== TASK BRIEF ==
Retype the entries below word for word, leaving out every picture.

== INFORMATION

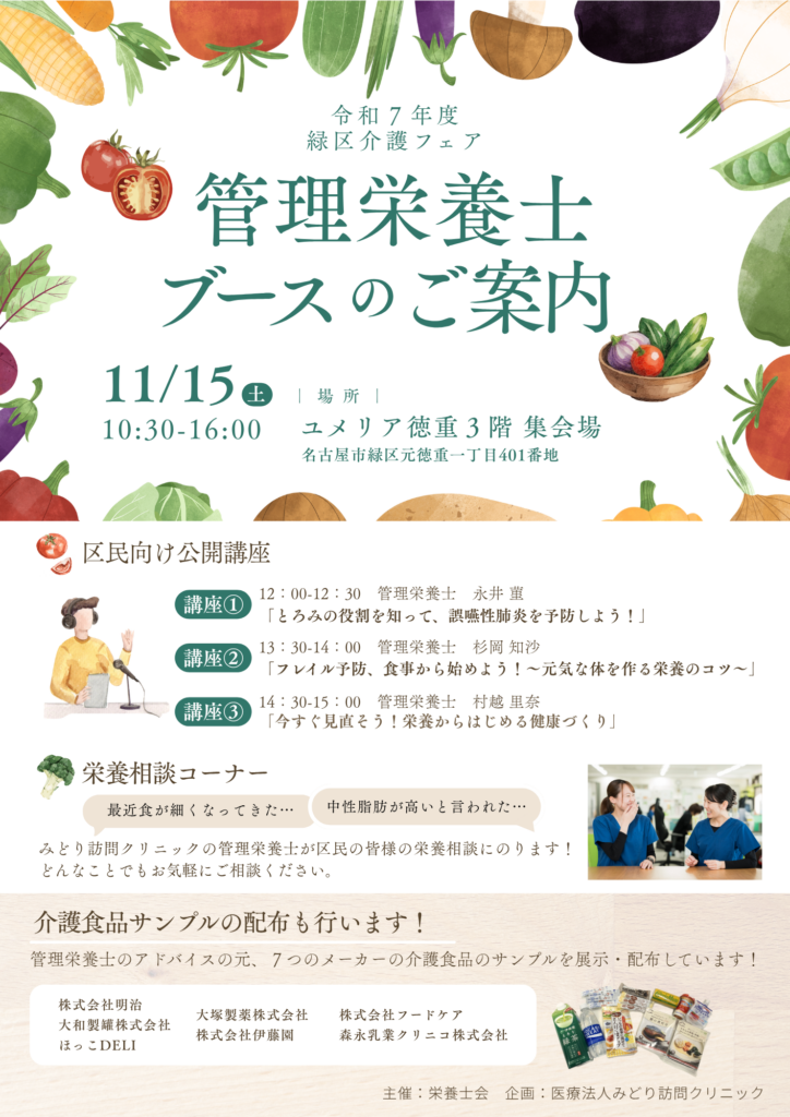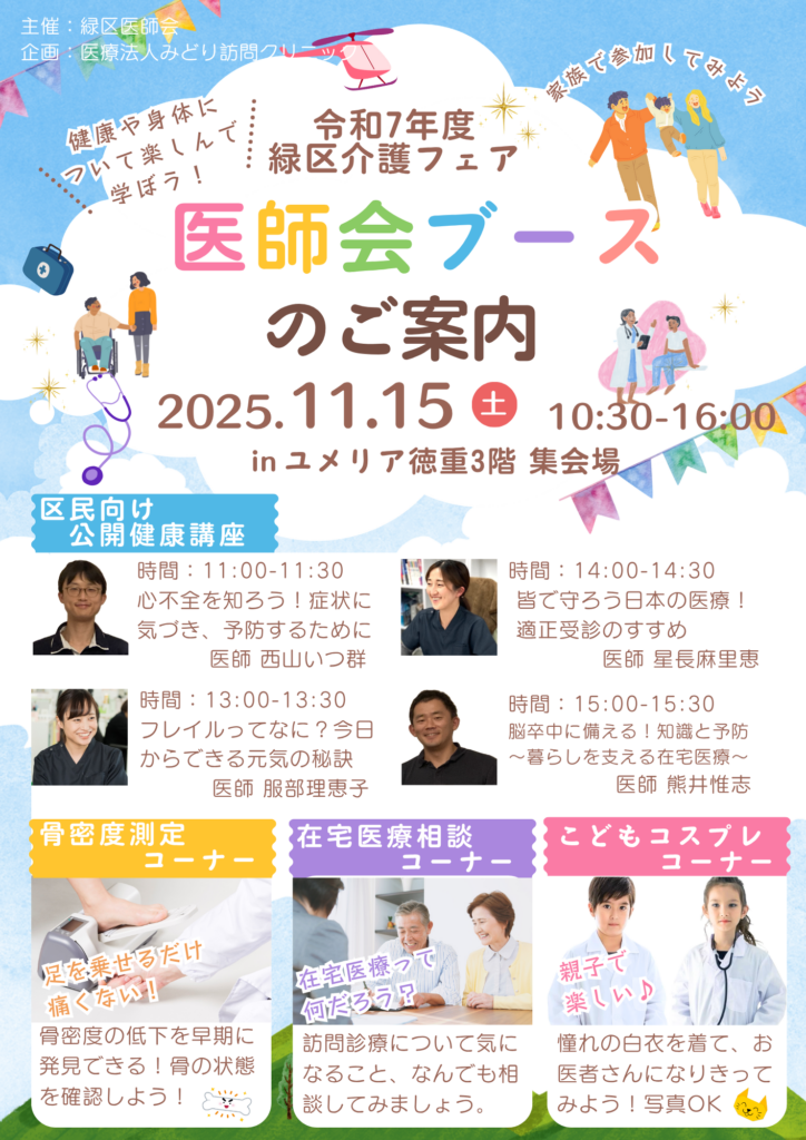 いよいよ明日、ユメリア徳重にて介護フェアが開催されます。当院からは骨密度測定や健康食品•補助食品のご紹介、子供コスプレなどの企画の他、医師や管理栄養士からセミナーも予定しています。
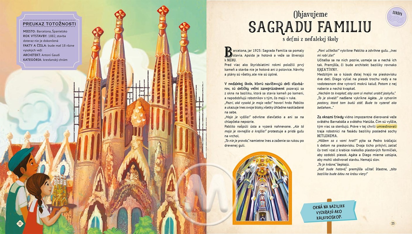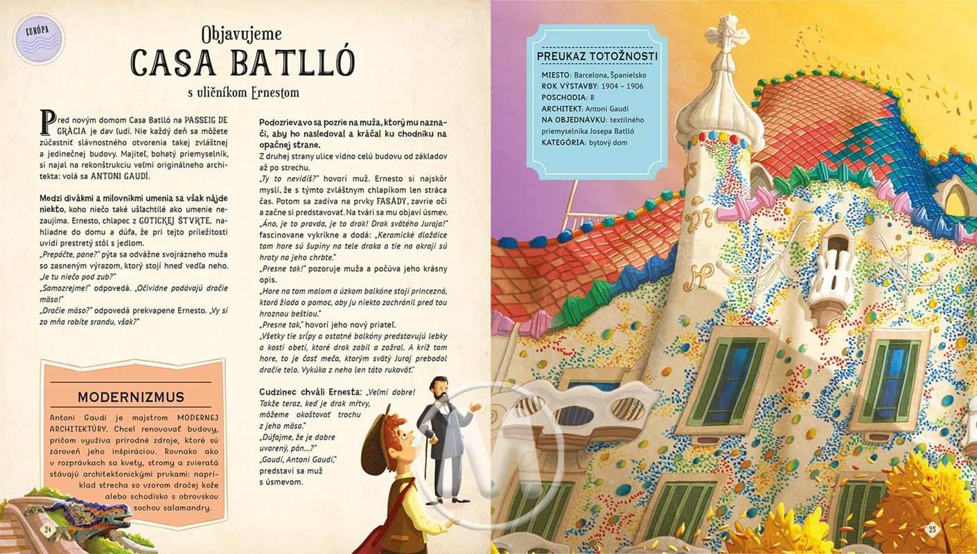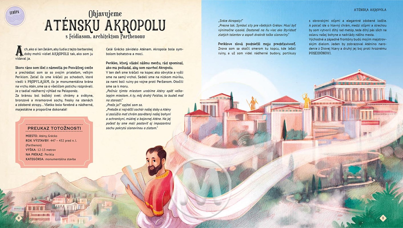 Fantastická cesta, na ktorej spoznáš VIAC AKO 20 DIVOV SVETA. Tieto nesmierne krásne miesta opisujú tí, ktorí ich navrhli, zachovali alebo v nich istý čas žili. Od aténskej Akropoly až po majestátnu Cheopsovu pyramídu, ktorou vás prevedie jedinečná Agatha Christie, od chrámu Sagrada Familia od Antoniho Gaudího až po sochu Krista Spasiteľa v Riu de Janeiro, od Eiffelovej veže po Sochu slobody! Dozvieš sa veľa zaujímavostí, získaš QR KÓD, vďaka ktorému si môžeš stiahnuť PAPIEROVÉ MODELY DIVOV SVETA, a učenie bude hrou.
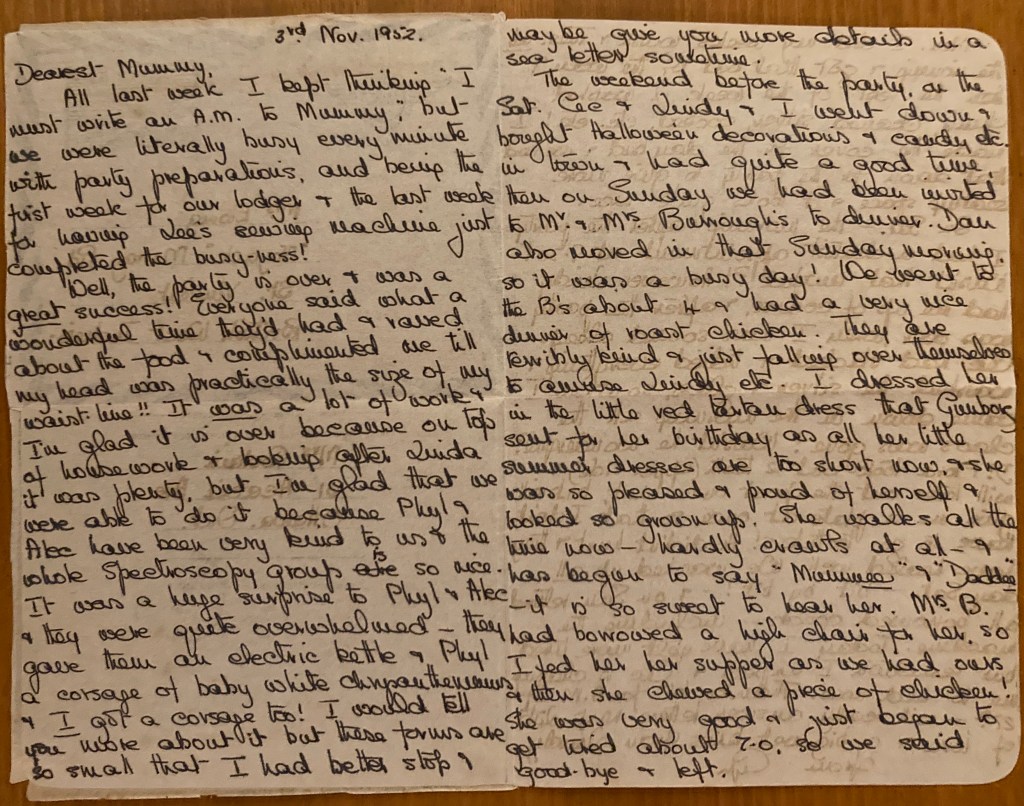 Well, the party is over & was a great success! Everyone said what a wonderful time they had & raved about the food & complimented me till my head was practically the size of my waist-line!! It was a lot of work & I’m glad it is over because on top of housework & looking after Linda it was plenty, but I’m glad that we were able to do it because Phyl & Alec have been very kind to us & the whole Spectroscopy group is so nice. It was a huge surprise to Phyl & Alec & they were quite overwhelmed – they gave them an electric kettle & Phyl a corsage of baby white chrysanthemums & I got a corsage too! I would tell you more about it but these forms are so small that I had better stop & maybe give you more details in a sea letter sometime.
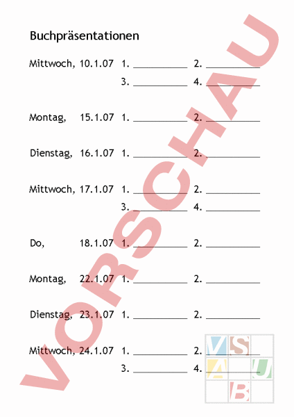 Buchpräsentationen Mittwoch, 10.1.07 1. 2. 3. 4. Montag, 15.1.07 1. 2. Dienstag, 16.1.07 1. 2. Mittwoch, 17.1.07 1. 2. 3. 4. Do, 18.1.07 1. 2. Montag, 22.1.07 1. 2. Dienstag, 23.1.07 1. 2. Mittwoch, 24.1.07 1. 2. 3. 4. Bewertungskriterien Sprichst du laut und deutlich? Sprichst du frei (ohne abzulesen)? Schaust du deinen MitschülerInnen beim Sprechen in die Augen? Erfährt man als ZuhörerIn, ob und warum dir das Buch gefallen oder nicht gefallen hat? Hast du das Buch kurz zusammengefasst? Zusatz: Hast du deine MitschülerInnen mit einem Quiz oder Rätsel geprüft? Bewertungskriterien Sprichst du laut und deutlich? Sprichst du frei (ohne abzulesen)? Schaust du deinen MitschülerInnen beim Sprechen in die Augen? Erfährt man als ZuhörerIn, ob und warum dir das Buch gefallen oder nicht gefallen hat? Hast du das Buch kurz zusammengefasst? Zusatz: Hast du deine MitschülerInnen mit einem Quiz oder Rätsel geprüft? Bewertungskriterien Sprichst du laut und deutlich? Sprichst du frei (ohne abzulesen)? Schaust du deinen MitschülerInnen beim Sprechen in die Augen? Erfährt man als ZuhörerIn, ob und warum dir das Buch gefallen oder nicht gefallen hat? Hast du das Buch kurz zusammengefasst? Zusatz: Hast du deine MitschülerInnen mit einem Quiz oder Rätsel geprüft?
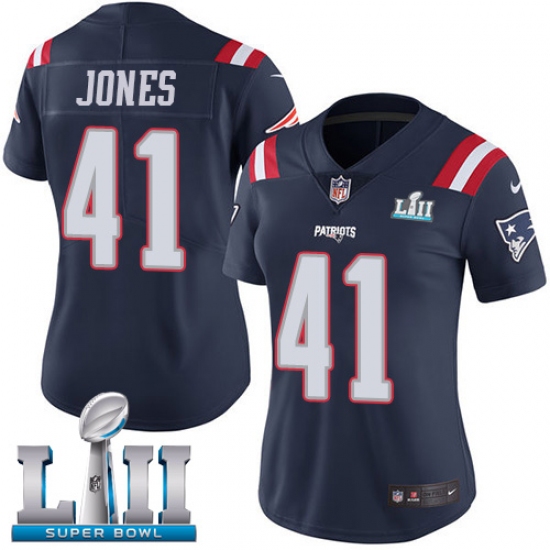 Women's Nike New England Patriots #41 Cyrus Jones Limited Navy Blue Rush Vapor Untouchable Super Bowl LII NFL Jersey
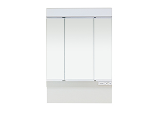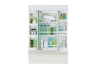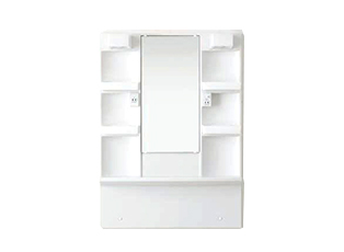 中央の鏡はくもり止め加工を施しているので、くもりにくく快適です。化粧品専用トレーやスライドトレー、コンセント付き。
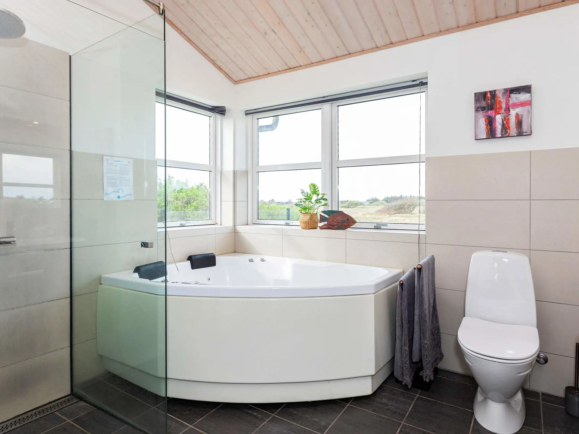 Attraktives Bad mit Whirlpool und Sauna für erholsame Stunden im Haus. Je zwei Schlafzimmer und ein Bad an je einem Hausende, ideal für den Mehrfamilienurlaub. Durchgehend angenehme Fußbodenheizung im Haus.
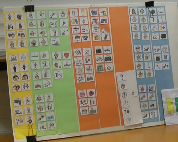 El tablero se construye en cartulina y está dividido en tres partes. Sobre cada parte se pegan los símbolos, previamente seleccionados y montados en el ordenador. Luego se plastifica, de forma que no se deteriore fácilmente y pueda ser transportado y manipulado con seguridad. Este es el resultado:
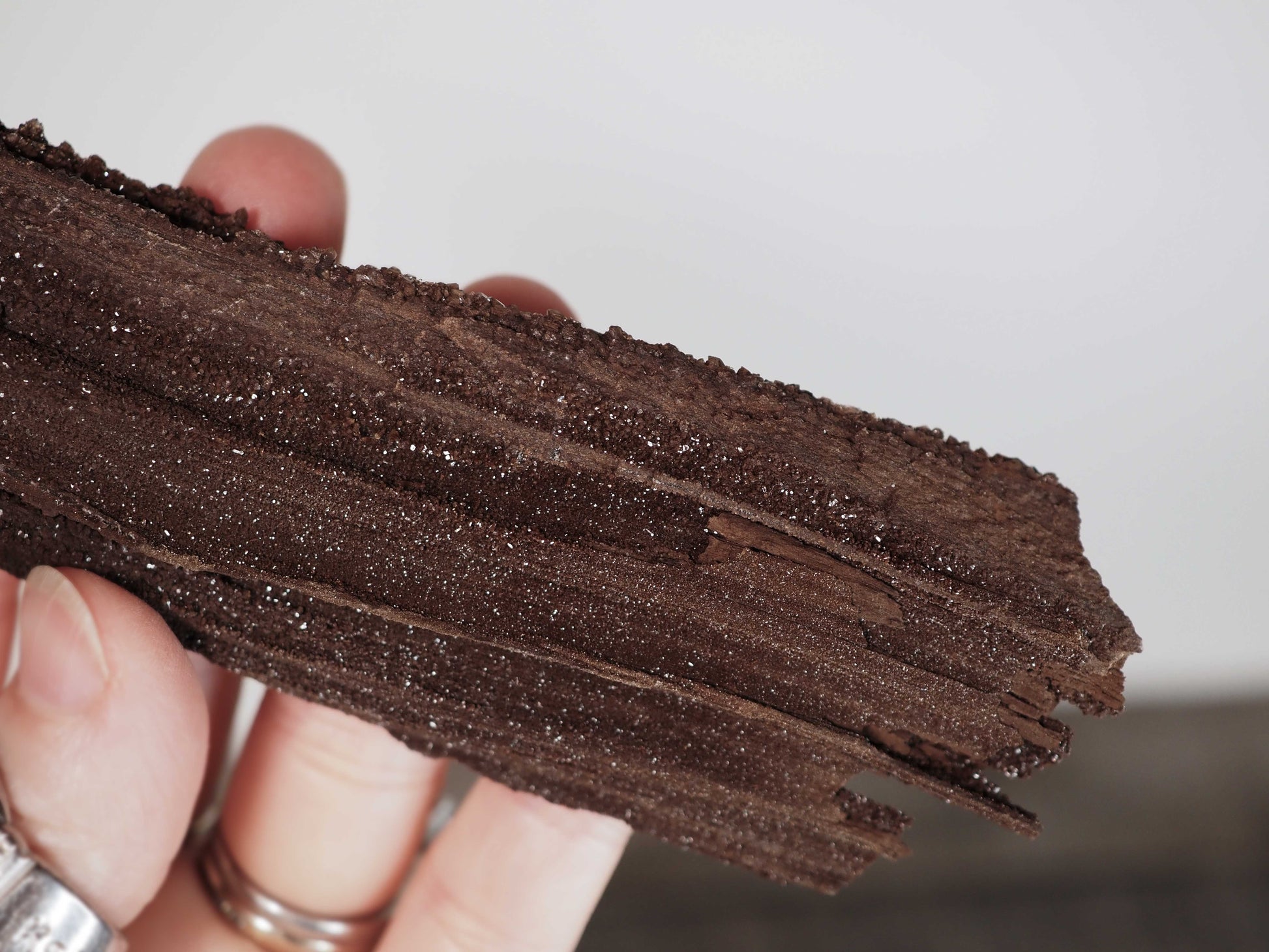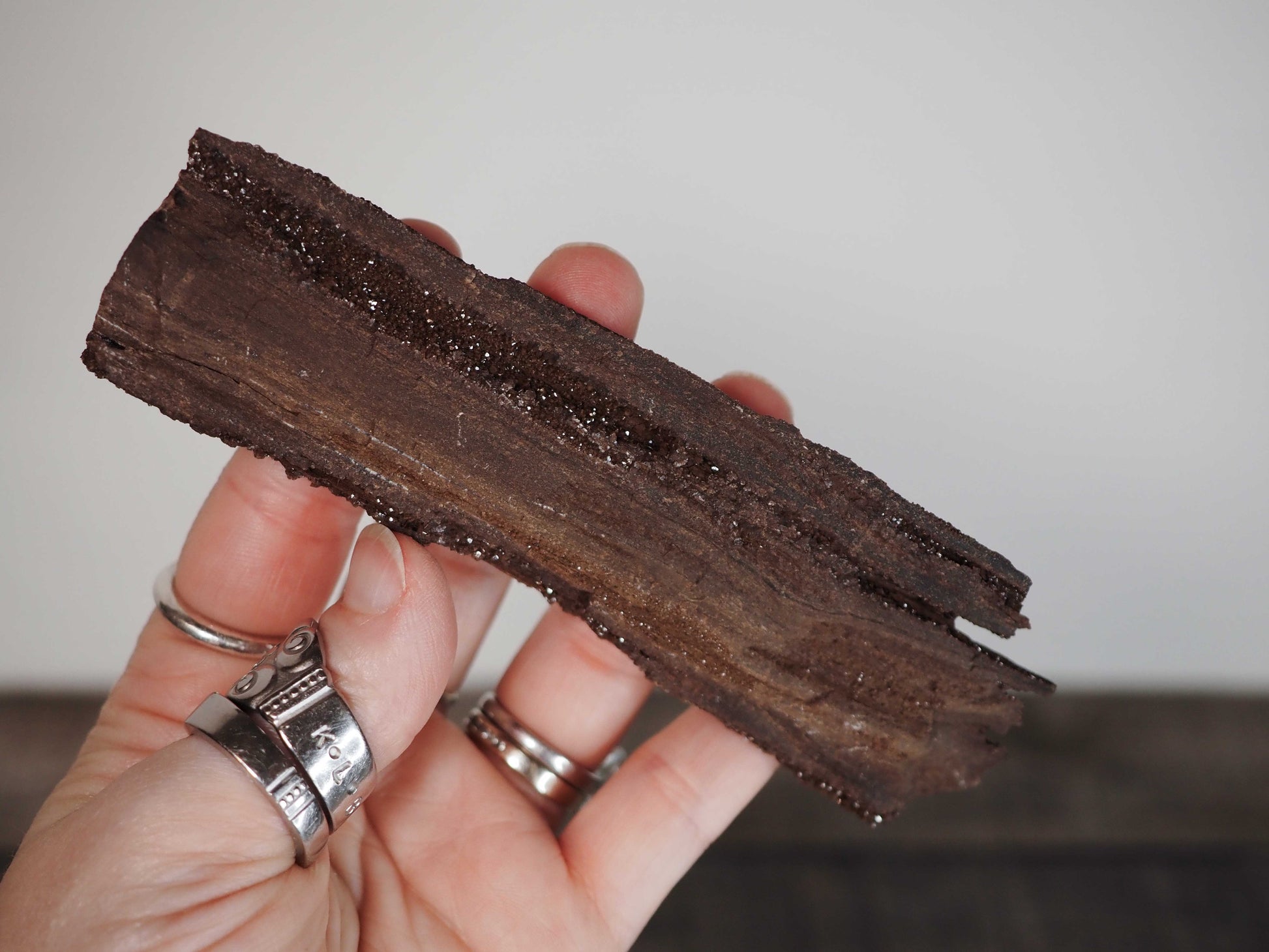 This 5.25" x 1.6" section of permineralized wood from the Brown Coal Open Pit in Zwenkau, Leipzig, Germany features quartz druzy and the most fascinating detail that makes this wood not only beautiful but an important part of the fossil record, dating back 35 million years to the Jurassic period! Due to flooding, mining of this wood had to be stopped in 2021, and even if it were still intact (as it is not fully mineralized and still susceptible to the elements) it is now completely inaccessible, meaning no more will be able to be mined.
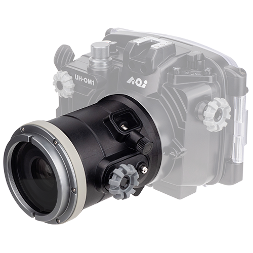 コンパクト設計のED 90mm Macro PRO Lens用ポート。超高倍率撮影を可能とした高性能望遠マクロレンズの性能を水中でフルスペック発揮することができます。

====

== RESPONSE AREA ==
 いよいよ明日、ユメリア徳重にて介護フェアが開催されます。当院からは骨密度測定や健康食品•補助食品のご紹介、子供コスプレなどの企画の他、医師や管理栄養士からセミナーも予定しています。
 Fantastická cesta, na ktorej spoznáš VIAC AKO 20 DIVOV SVETA. Tieto nesmierne krásne miesta opisujú tí, ktorí ich navrhli, zachovali alebo v nich istý čas žili. Od aténskej Akropoly až po majestátnu Cheopsovu pyramídu, ktorou vás prevedie jedinečná Agatha Christie, od chrámu Sagrada Familia od Antoniho Gaudího až po sochu Krista Spasiteľa v Riu de Janeiro, od Eiffelovej veže po Sochu slobody! Dozvieš sa veľa zaujímavostí, získaš QR KÓD, vďaka ktorému si môžeš stiahnuť PAPIEROVÉ MODELY DIVOV SVETA, a učenie bude hrou.
 Well, the party is over & was a great success! Everyone said what a wonderful time they had & raved about the food & complimented me till my head was practically the size of my waist-line!! It was a lot of work & I’m glad it is over because on top of housework & looking after Linda it was plenty, but I’m glad that we were able to do it because Phyl & Alec have been very kind to us & the whole Spectroscopy group is so nice. It was a huge surprise to Phyl & Alec & they were quite overwhelmed – they gave them an electric kettle & Phyl a corsage of baby white chrysanthemums & I got a corsage too! I would tell you more about it but these forms are so small that I had better stop & maybe give you more details in a sea letter sometime.
 Buchpräsentationen Mittwoch, 10.1.07 1. 2. 3. 4. Montag, 15.1.07 1. 2. Dienstag, 16.1.07 1. 2. Mittwoch, 17.1.07 1. 2. 3. 4. Do, 18.1.07 1. 2. Montag, 22.1.07 1. 2. Dienstag, 23.1.07 1. 2. Mittwoch, 24.1.07 1. 2. 3. 4. Bewertungskriterien Sprichst du laut und deutlich? Sprichst du frei (ohne abzulesen)? Schaust du deinen MitschülerInnen beim Sprechen in die Augen? Erfährt man als ZuhörerIn, ob und warum dir das Buch gefallen oder nicht gefallen hat? Hast du das Buch kurz zusammengefasst? Zusatz: Hast du deine MitschülerInnen mit einem Quiz oder Rätsel geprüft? Bewertungskriterien Sprichst du laut und deutlich? Sprichst du frei (ohne abzulesen)? Schaust du deinen MitschülerInnen beim Sprechen in die Augen? Erfährt man als ZuhörerIn, ob und warum dir das Buch gefallen oder nicht gefallen hat? Hast du das Buch kurz zusammengefasst? Zusatz: Hast du deine MitschülerInnen mit einem Quiz oder Rätsel geprüft? Bewertungskriterien Sprichst du laut und deutlich? Sprichst du frei (ohne abzulesen)? Schaust du deinen MitschülerInnen beim Sprechen in die Augen? Erfährt man als ZuhörerIn, ob und warum dir das Buch gefallen oder nicht gefallen hat? Hast du das Buch kurz zusammengefasst? Zusatz: Hast du deine MitschülerInnen mit einem Quiz oder Rätsel geprüft?
 Women's Nike New England Patriots #41 Cyrus Jones Limited Navy Blue Rush Vapor Untouchable Super Bowl LII NFL Jersey
 中央の鏡はくもり止め加工を施しているので、くもりにくく快適です。化粧品専用トレーやスライドトレー、コンセント付き。
 Attraktives Bad mit Whirlpool und Sauna für erholsame Stunden im Haus. Je zwei Schlafzimmer und ein Bad an je einem Hausende, ideal für den Mehrfamilienurlaub. Durchgehend angenehme Fußbodenheizung im Haus.
 El tablero se construye en cartulina y está dividido en tres partes. Sobre cada parte se pegan los símbolos, previamente seleccionados y montados en el ordenador. Luego se plastifica, de forma que no se deteriore fácilmente y pueda ser transportado y manipulado con seguridad. Este es el resultado:
 This 5.25" x 1.6" section of permineralized wood from the Brown Coal Open Pit in Zwenkau, Leipzig, Germany features quartz druzy and the most fascinating detail that makes this wood not only beautiful but an important part of the fossil record, dating back 35 million years to the Jurassic period! Due to flooding, mining of this wood had to be stopped in 2021, and even if it were still intact (as it is not fully mineralized and still susceptible to the elements) it is now completely inaccessible, meaning no more will be able to be mined.
 コンパクト設計のED 90mm Macro PRO Lens用ポート。超高倍率撮影を可能とした高性能望遠マクロレンズの性能を水中でフルスペック発揮することができます。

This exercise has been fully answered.